--- START ---
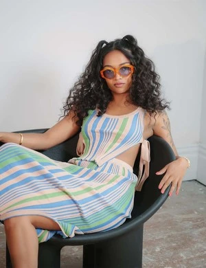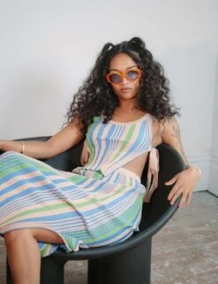 Midi length striped skirt from Mundaka Studio. Ribbed knit straight cut with elasticated waist. Pair with the knit rib top for a full ensemble.
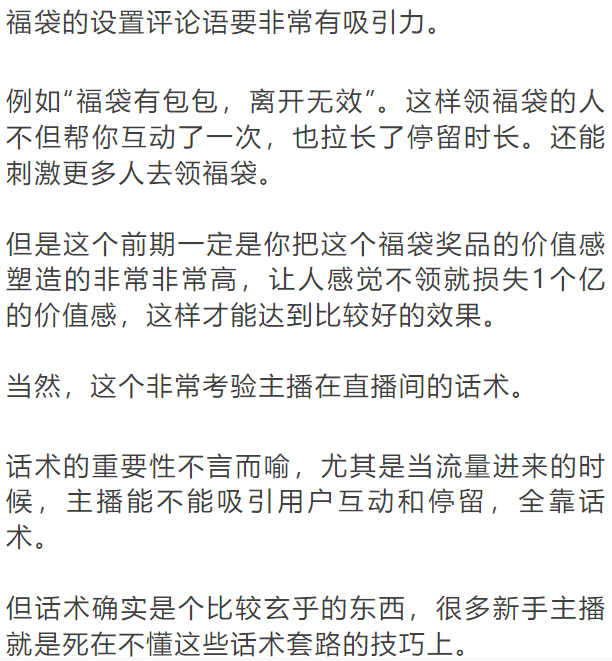 正确的留人方法是:一上来就直接展示福利+产品价值,要让粉丝感受到在你直播间能够获得真正的福利,让粉丝感受到再你的直播间省钱甚至是赚钱,价值不到价格不到!
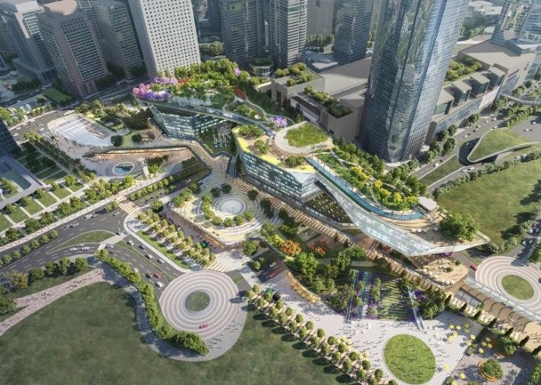 中標的設計方案建議興建3座建築物,建築群外觀旨在突顯香港作為亞洲國際城市的形象。當中,最接近海濱的建築物將作多用途之用,另外2座則作辦公室用途。建築物之間將預留間距提供多條通風廊及都市窗戶,為發展項目帶來自然通風及自然光。項目將設公眾休憩空間,面積超過招標文件所要求的最少2.5萬平方米。天台將設有一個名為「Horizon Park」的相連平台串連起3座建築物,公眾可在平台上多角度眺望中環景緻和維港景色。平台將以植物營造空中森林,同時提供草坪、緩跑徑及戶外空間予公眾使用。設計方案亦建議串連起中環現有的行人網絡,由內陸一直連接中環海濱及周邊地方,並提供一條行人通道由中環港鐵站接駁至發展項目。
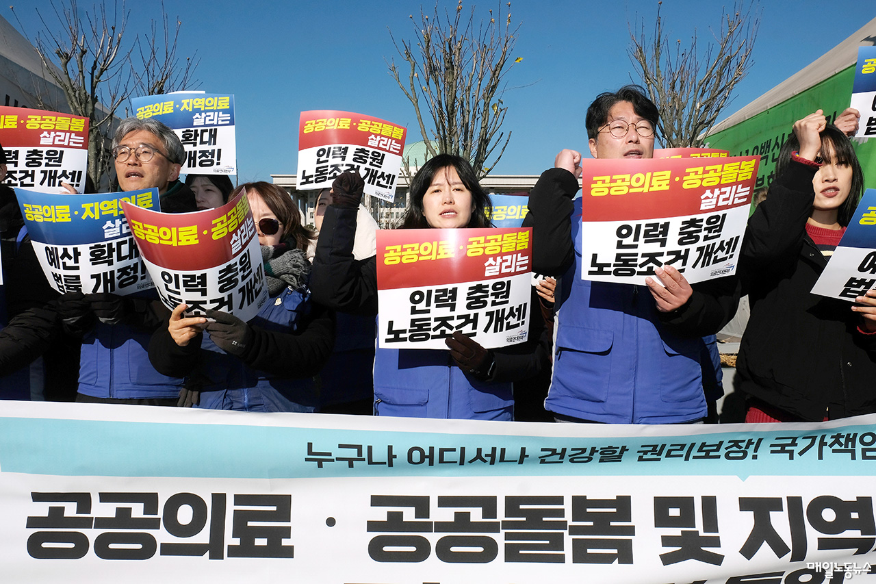 박경득 본부장은 “새 정부가 공공의대를 설립해 공공의사를 양성하고, 지역의료를 살리겠다고 약속했지만 법과 예산을 찾아볼 수 없다”며 “보건복지부 예산에도 6천억원에 가까운 국립대병원 적자를 해결할 방안이 없고, 공공돌봄을 확충할 예산이 없다”고 밝혔다.
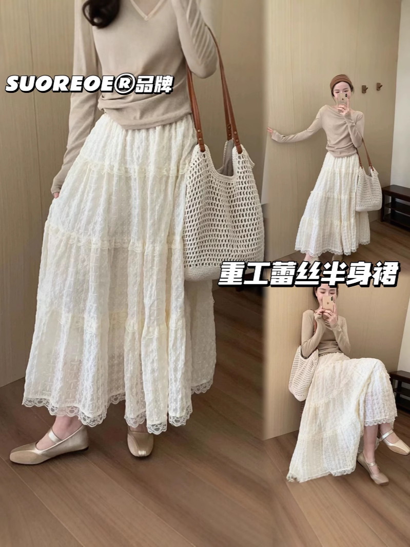【明星同款蕾丝裙】‼️干干净净的蕾丝拼接纯棉半身裙,无论什么季节看它一眼都会心动💓A字型的大裙摆蛋糕半裙,三段式不用绣花拼接,层次感足,花边点缀,增加裙身的灵动性!对梨形身材的姐妹们很友好,显高显瘦!上身妙变甜系girl
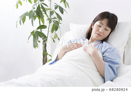 入院先のベッドに横たわる女性[病院]
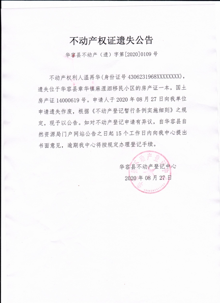 不动产权证遗失公告【房产证(温再华)】
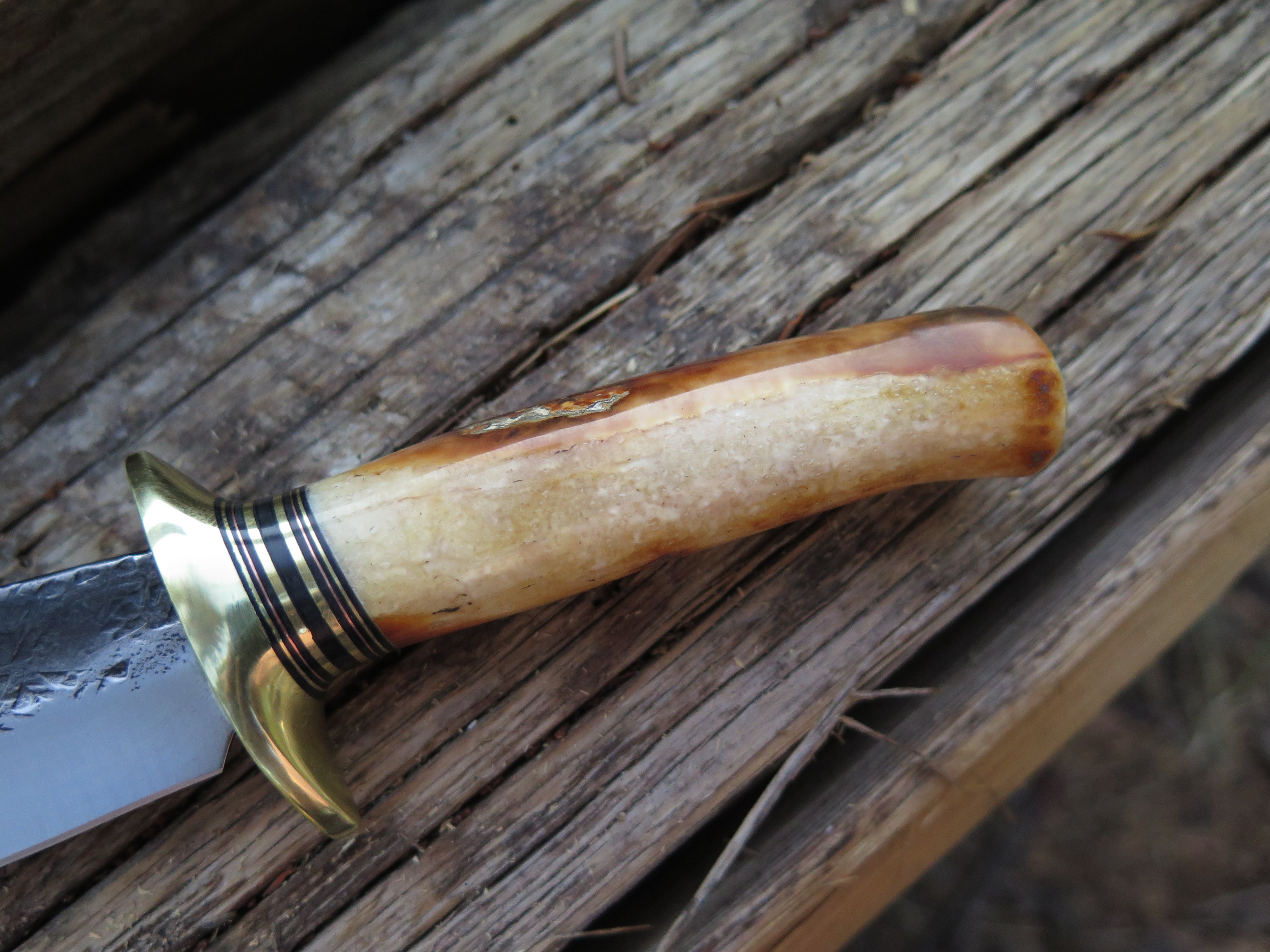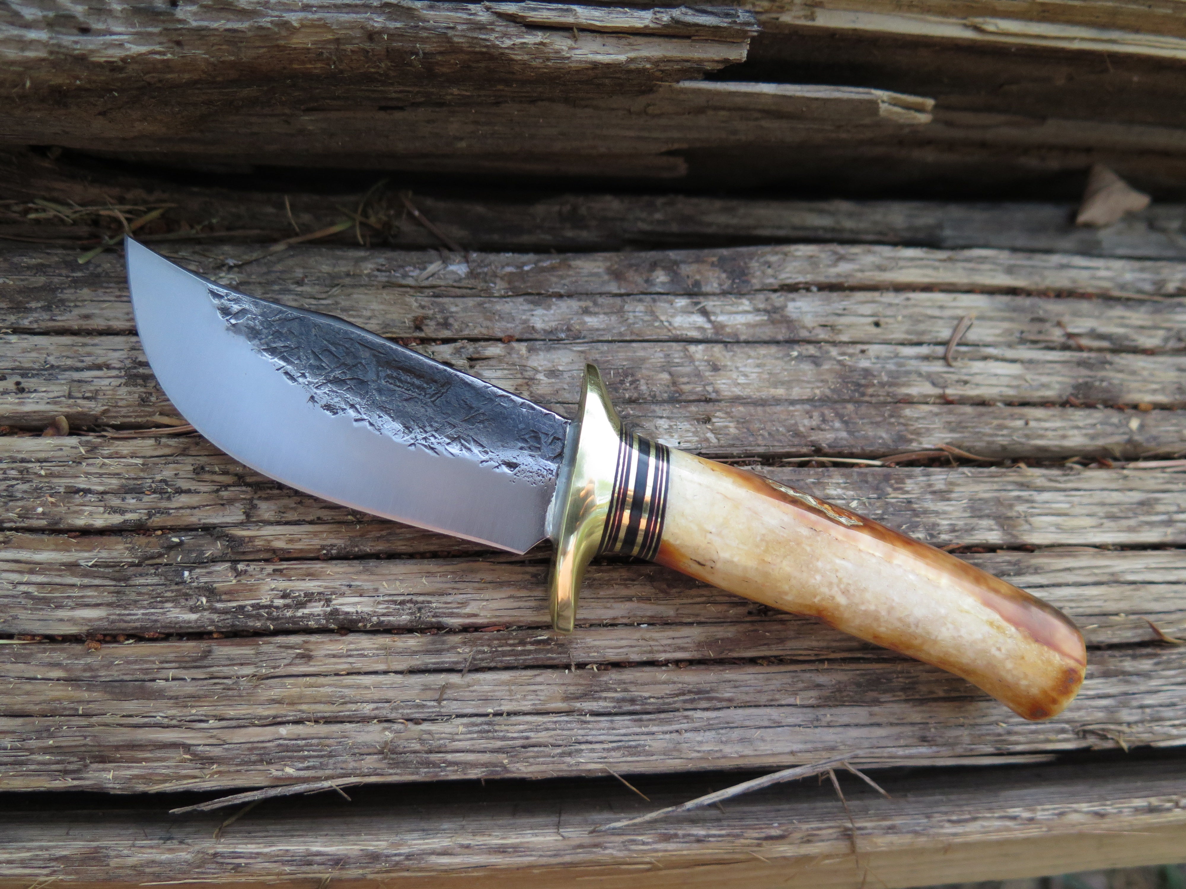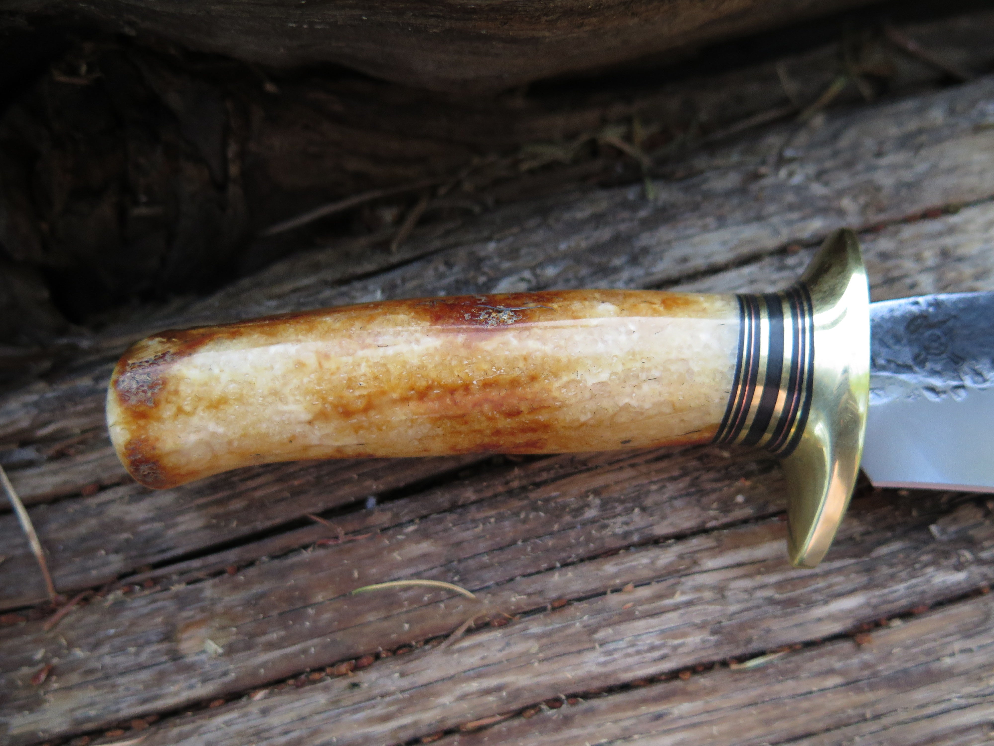 This incredible new offering from Behring Made© is the Little Bowie- hand forged from 1/8" thick high carbon 01 tool steel it measures 3 1/4" from tip to guard with a razor sharp hollow grind and our hammermark finish. The forged brass s-guard is soldered in place above black fiber, brass, and copper spacers in addition to a beautiful handle of premium fossil walrus ivory. The overall length measures 6 5/8" and it will come in a custom sheath from Warlander Leather.
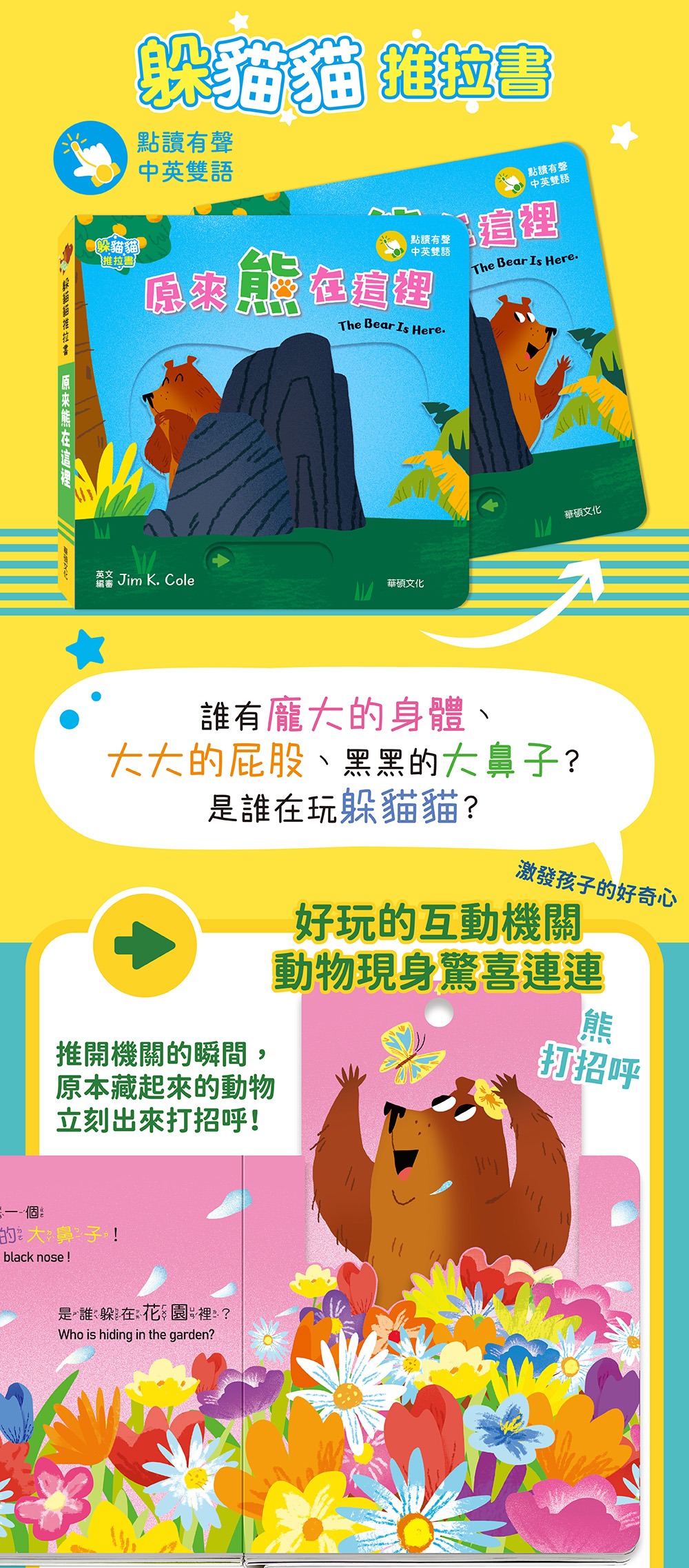 - 全書為點讀有聲中英雙語,讓孩子在玩遊戲的同時,自然而然接觸英文。
--- END ---
> _INSTRUCTIONS TO FOLLOW_
Keeping both end lines, retype exactly the lines from the first line of the material through the line that contains "正确的留人方法是:一上来就直", but not the pictures.

> _SOLUTION_
 Midi length striped skirt from Mundaka Studio. Ribbed knit straight cut with elasticated waist. Pair with the knit rib top for a full ensemble.
 正确的留人方法是:一上来就直接展示福利+产品价值,要让粉丝感受到在你直播间能够获得真正的福利,让粉丝感受到再你的直播间省钱甚至是赚钱,价值不到价格不到!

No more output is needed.